Print nothing but the lines from the start of the listing below through the line that contains "3.5. Photosynthetic Pigment Production Rates". Do not include the pictures.
***** INPUT DATA *****
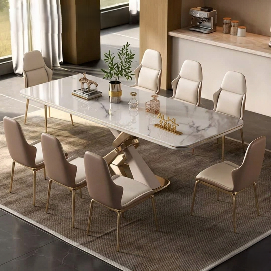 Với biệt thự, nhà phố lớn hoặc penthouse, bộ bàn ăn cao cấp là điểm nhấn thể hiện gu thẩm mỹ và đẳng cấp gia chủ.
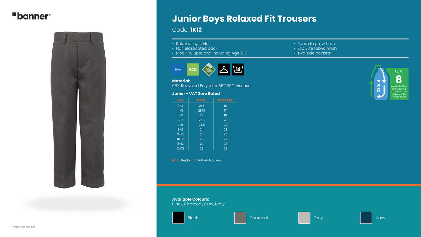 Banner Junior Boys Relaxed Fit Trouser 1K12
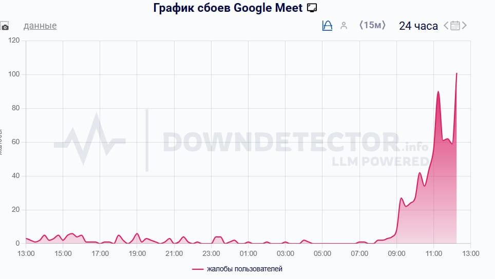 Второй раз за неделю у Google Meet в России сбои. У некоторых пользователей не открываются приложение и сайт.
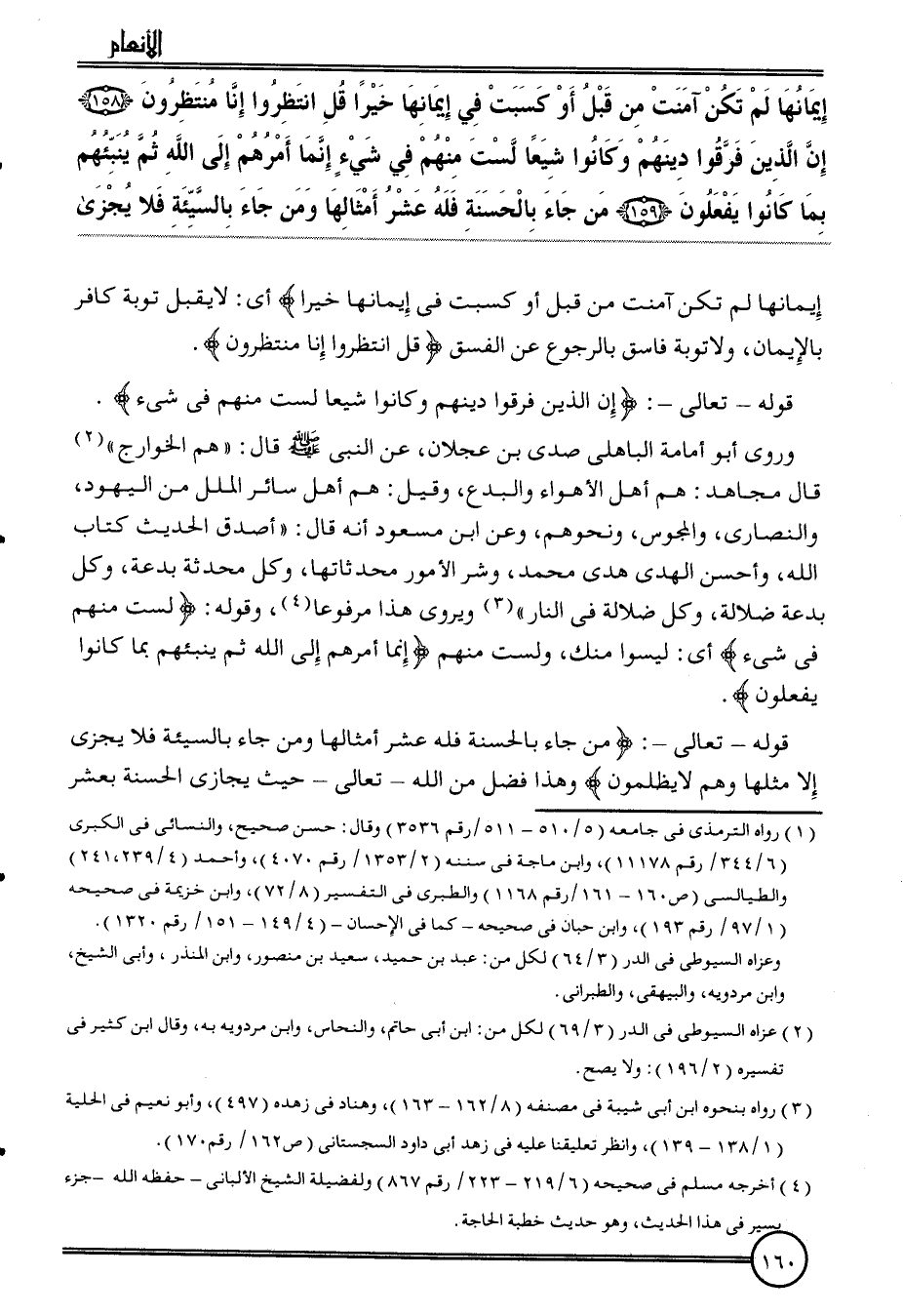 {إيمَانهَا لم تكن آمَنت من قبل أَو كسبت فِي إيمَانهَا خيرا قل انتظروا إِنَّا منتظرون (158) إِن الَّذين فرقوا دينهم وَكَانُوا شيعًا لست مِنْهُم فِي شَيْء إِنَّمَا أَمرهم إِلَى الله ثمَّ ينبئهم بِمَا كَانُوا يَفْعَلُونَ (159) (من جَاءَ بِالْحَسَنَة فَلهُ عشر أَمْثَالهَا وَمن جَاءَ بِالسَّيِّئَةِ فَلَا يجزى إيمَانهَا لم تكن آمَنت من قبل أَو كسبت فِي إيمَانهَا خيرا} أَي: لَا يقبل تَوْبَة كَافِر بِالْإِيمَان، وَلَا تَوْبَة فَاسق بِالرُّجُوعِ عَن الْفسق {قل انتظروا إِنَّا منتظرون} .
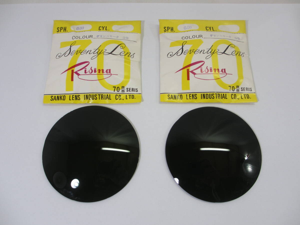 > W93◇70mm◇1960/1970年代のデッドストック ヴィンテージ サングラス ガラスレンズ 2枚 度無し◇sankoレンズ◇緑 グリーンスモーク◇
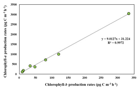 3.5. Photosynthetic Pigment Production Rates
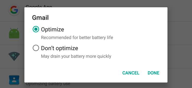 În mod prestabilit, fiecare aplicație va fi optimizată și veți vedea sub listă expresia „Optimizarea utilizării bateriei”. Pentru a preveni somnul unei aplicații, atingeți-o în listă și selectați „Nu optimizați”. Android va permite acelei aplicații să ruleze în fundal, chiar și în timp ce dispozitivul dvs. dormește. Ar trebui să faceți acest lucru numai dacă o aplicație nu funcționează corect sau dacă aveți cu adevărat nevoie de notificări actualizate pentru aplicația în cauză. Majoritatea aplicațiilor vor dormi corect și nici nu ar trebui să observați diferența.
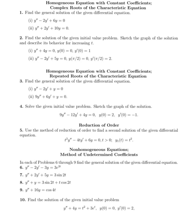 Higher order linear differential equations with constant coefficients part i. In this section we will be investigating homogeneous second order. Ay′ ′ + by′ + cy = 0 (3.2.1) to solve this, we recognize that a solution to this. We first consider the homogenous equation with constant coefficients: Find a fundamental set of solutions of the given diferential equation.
*****
◆ **TASK ANSWER**:
 Với biệt thự, nhà phố lớn hoặc penthouse, bộ bàn ăn cao cấp là điểm nhấn thể hiện gu thẩm mỹ và đẳng cấp gia chủ.
 Banner Junior Boys Relaxed Fit Trouser 1K12
 Второй раз за неделю у Google Meet в России сбои. У некоторых пользователей не открываются приложение и сайт.
 {إيمَانهَا لم تكن آمَنت من قبل أَو كسبت فِي إيمَانهَا خيرا قل انتظروا إِنَّا منتظرون (158) إِن الَّذين فرقوا دينهم وَكَانُوا شيعًا لست مِنْهُم فِي شَيْء إِنَّمَا أَمرهم إِلَى الله ثمَّ ينبئهم بِمَا كَانُوا يَفْعَلُونَ (159) (من جَاءَ بِالْحَسَنَة فَلهُ عشر أَمْثَالهَا وَمن جَاءَ بِالسَّيِّئَةِ فَلَا يجزى إيمَانهَا لم تكن آمَنت من قبل أَو كسبت فِي إيمَانهَا خيرا} أَي: لَا يقبل تَوْبَة كَافِر بِالْإِيمَان، وَلَا تَوْبَة فَاسق بِالرُّجُوعِ عَن الْفسق {قل انتظروا إِنَّا منتظرون} .
 > W93◇70mm◇1960/1970年代のデッドストック ヴィンテージ サングラス ガラスレンズ 2枚 度無し◇sankoレンズ◇緑 グリーンスモーク◇
 3.5. Photosynthetic Pigment Production Rates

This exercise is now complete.